TASK ITEM ->
From the records below, print exactly the lines starting at the one containing "The mass of" and ending at the one containing "Funda de piel", ends included, and nothing else.

DATA UNDER STUDY ->
•••

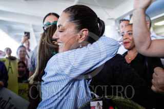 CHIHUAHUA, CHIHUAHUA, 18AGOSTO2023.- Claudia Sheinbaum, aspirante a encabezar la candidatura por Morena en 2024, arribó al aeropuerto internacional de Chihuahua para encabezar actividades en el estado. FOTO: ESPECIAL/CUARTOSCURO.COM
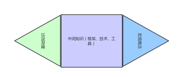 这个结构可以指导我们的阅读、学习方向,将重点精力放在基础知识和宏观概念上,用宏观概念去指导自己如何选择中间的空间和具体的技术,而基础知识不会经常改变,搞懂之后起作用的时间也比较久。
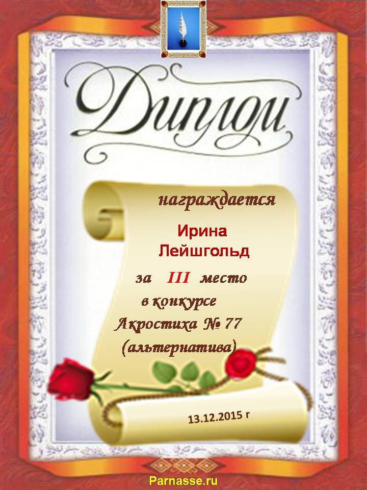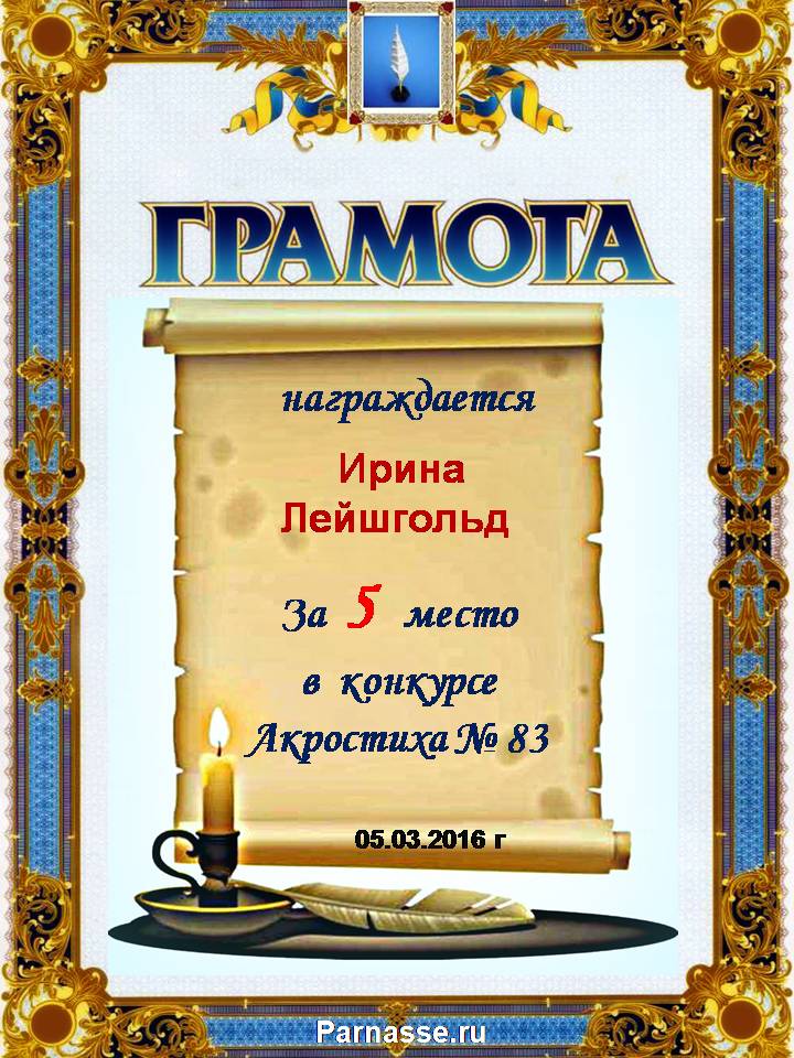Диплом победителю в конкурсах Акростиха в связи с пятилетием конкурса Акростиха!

•••

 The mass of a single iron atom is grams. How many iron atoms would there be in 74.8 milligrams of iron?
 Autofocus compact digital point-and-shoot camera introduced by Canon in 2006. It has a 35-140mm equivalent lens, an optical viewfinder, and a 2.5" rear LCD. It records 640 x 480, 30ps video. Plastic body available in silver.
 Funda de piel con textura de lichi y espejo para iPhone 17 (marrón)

•••

TASK RESULT ->
 The mass of a single iron atom is grams. How many iron atoms would there be in 74.8 milligrams of iron?
 Autofocus compact digital point-and-shoot camera introduced by Canon in 2006. It has a 35-140mm equivalent lens, an optical viewfinder, and a 2.5" rear LCD. It records 640 x 480, 30ps video. Plastic body available in silver.
 Funda de piel con textura de lichi y espejo para iPhone 17 (marrón)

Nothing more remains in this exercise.